# Task statement
The material below holds the lines to copy: from the one with "A Flechette is" up to and including the one with "志愿者在成都世运会运动员村A区巡村。". Copy them exactly and skip the pictures.

# Given records
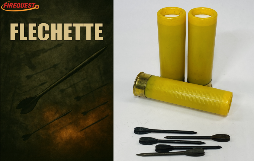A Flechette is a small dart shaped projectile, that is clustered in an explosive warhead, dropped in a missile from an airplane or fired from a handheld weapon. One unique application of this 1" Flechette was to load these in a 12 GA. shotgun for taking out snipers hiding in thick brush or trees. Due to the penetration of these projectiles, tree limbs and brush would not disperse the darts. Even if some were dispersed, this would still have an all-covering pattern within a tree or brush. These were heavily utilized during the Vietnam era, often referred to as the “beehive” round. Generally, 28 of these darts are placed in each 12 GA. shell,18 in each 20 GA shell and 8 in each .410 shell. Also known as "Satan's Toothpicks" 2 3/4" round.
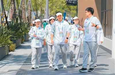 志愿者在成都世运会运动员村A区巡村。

...

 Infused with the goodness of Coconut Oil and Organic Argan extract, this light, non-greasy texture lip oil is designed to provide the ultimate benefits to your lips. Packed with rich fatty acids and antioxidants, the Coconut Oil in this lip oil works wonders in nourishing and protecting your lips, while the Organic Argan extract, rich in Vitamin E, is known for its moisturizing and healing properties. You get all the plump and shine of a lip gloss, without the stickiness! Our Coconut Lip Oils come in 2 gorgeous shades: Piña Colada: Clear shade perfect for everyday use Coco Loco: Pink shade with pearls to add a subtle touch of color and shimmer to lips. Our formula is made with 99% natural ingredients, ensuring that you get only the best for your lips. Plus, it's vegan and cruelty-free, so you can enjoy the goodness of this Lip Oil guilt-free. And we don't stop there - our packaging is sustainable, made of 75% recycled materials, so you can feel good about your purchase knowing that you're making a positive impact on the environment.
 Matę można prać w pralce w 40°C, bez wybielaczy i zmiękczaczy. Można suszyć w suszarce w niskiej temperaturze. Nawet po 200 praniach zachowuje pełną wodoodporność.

# Problem solution
A Flechette is a small dart shaped projectile, that is clustered in an explosive warhead, dropped in a missile from an airplane or fired from a handheld weapon. One unique application of this 1" Flechette was to load these in a 12 GA. shotgun for taking out snipers hiding in thick brush or trees. Due to the penetration of these projectiles, tree limbs and brush would not disperse the darts. Even if some were dispersed, this would still have an all-covering pattern within a tree or brush. These were heavily utilized during the Vietnam era, often referred to as the “beehive” round. Generally, 28 of these darts are placed in each 12 GA. shell,18 in each 20 GA shell and 8 in each .410 shell. Also known as "Satan's Toothpicks" 2 3/4" round.
 志愿者在成都世运会运动员村A区巡村。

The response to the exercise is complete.